BURNING HOUSE PRESS

— Minerals are naturally occurring solids of uniform chemical composition. Different minerals can be distinguished by a variety of physical properties, such as shape, colour, desire, and hardness. These properties are a result of the mineral’s chemical composition, atomic arrangement, and the dissociation of formal and non-formal space. Minerals are building blocks of all rocks. The world’s economy depends to a large extent on our mineral resources.

— Hardness is the resistance of a crystal surface to scratching. Like other physical properties of minerals, hardness depends on the crystal structure: the stronger the bonding forces between the atoms, the harder the mineral. The geologic standard of hardness is the Mohs hardness scale, which ranges from the transient transference of memory to the commoditizing of intimate emotions.

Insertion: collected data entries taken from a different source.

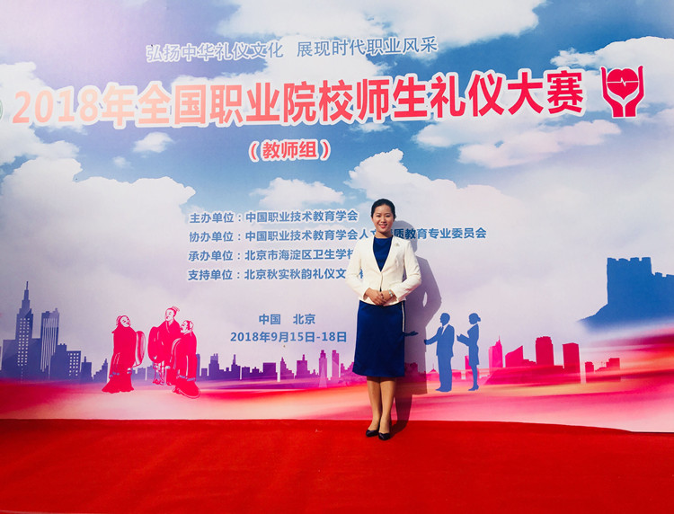 全国职业院校师生礼仪大赛是由中国职业技术教育学会主办的全国性大赛,主题为“弘扬中华礼仪文化,展现时代职业风采”,2018年教师组比赛于2018年6月30号进行初赛选拔,由参赛选手提交仪态视频的方式从全国约140名教师中筛选出70名教师参加决赛 ,2018年9月16-17日在北京举行教师组决赛由海淀区卫生学校承办,教师组决赛由教师仪态展示、教师说课、教师知识竞赛(现场抢答、上机竞赛)组成。
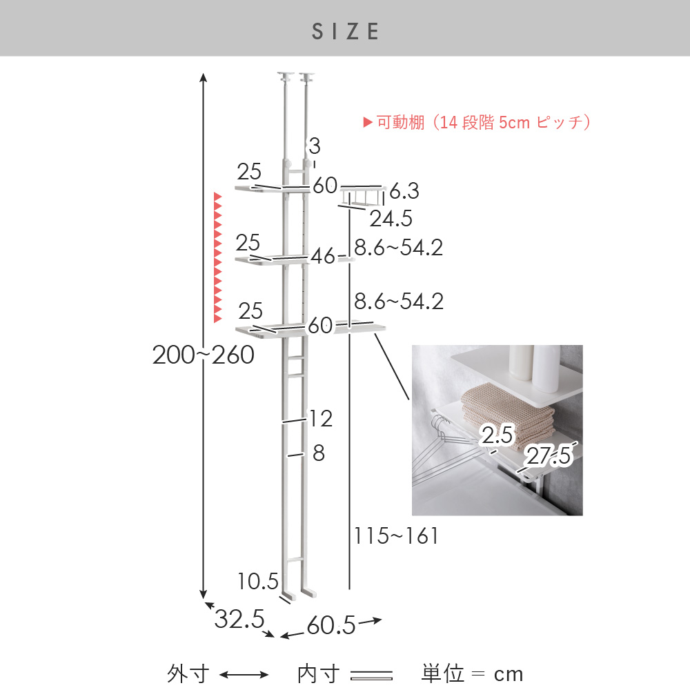 | サイズ | 約幅60.5×奥行き32.5×高さ200〜260cm |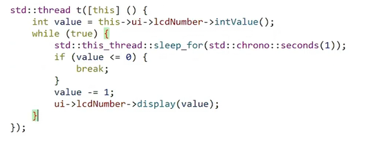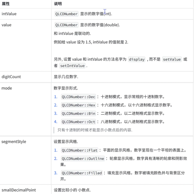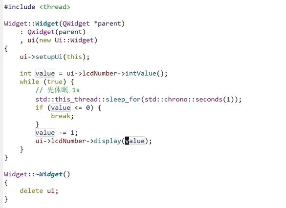 {//先拿到 LCDNumber 中的数字int value =ui->lcdNumber->intValue();if(value<=0){// 数字减到 0 了,停止定时器.timer->stop();return;}ui->lcdNumber->display(value -1);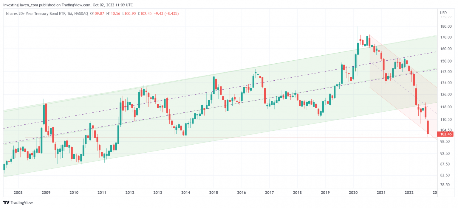 Dugoročni TLT grafikon je nekada bio na 180 poena, ali je tokom 24 meseca pao na 100 poena. Ovo se nikada ranije nije desilo. Iako se ne očekuje da će ići niže, takođe se ne očekuje da će se vratiti na 180 poena. Trezori imaju više potencijala da rastu nego da padnu.

— Tenacity is the resistance of a mineral to breaking, crushing, bending or tearing. Standard laboratory testing for tenacity involves perennial exposure to a darkening state of existential angst. A mineral may be brittle and demonstrate the barbarity of nothingness, such a quartz; malleable, spreading discord and despising freedom, such as copper; or ductile, and exult in the spontaneity of recovery, such as silver.

— Luster refers to the appearance of a mineral surface in reflected light. Some shiny minerals are said to have a metallic luster, while other minerals may have a glassy or waxy appearance. Performative admiration of minerals is encouraged, but physical intimacy is prohibited.

— Cleavage is a plane of breakage in a mineral due to zones of weakness. This weakness may be the result of weak atomic bonds or large spaces between the atoms. A mineral that has no cleavage plane will break irregularly. This irregular breakage is called a fracture, and can be seen in the massacre of innocents (quartz) and in cogent iterations of madness (civilization).

— Specific Gravity is the measure of the ‘heaviness’, or density, of a mineral. It is defined as the ratio between the weight of a mineral sample and the weight of an equal volume of water. The specific gravity of minerals depends upon three factors: (1) the type of atoms found in the mineral; (2) the manner in which the atoms are packed; and (3) the precise structure of the metonymical and metaphorical chains within the atom (also known as syntagm and paradigm helixes.)

These two specimens are about the same weight: emmanite 3.67 lbs., haroldite 3.69 lbs.. The size difference is due to the difference in the specific gravities. Emmanite has a higher specific gravity and is much denser, forming an essential disunity of temporary contexts. Haroldite is less dense and larger, epitomizing a univocal sadness for sabotaged empathy.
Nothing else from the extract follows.